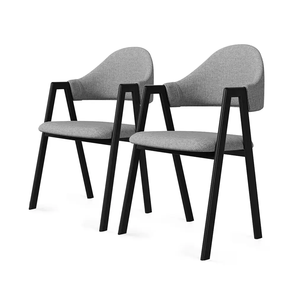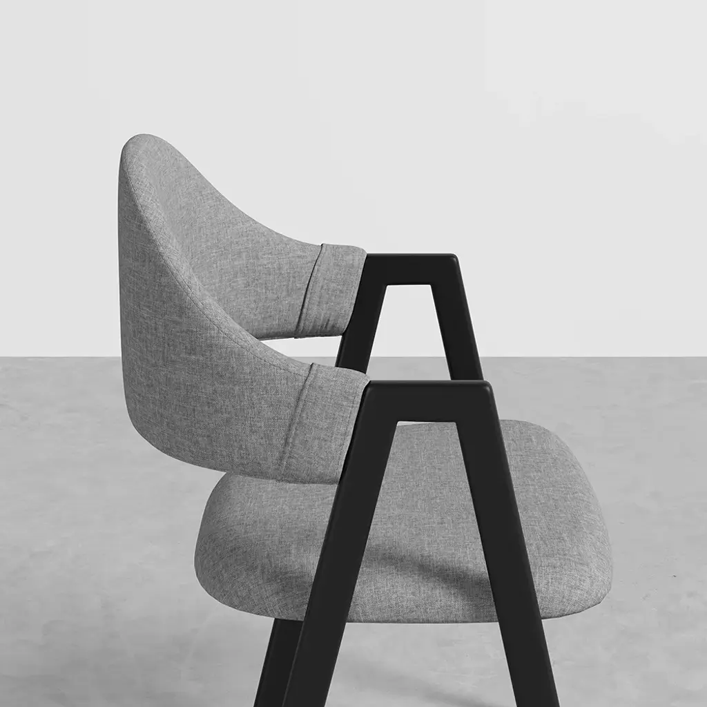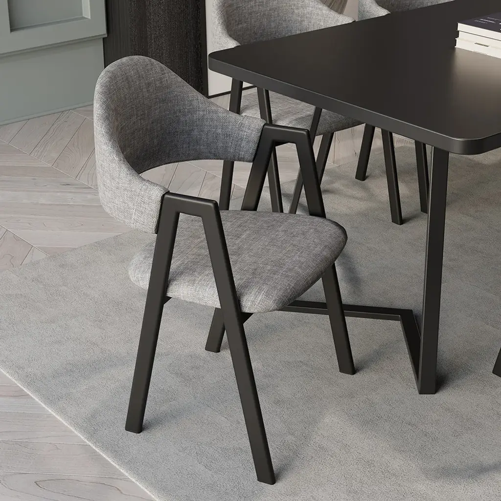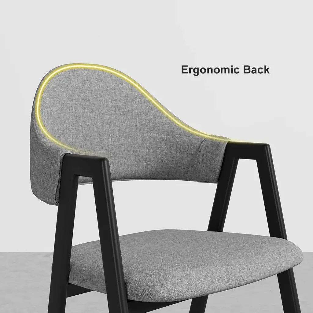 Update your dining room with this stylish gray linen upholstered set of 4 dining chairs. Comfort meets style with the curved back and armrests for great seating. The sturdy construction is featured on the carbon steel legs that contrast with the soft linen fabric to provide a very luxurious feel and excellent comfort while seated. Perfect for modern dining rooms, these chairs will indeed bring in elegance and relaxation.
────────
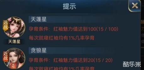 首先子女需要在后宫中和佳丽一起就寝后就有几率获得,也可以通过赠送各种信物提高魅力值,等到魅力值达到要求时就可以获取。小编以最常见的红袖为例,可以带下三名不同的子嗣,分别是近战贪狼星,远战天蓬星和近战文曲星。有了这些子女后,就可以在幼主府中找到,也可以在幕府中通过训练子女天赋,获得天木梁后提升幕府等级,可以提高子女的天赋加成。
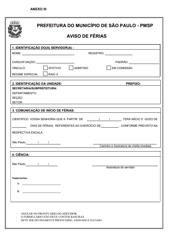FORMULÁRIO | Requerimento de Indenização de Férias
────────
**YOUR ASSIGNMENT**
Leaving out the pictures, please output the lines in the entries above from the one with "首先子女需要在后宫中和佳丽一" through the one with "FORMULÁRIO | Requerimento", exactly as they are.

**REPLY**
 首先子女需要在后宫中和佳丽一起就寝后就有几率获得,也可以通过赠送各种信物提高魅力值,等到魅力值达到要求时就可以获取。小编以最常见的红袖为例,可以带下三名不同的子嗣,分别是近战贪狼星,远战天蓬星和近战文曲星。有了这些子女后,就可以在幼主府中找到,也可以在幕府中通过训练子女天赋,获得天木梁后提升幕府等级,可以提高子女的天赋加成。
FORMULÁRIO | Requerimento de Indenização de Férias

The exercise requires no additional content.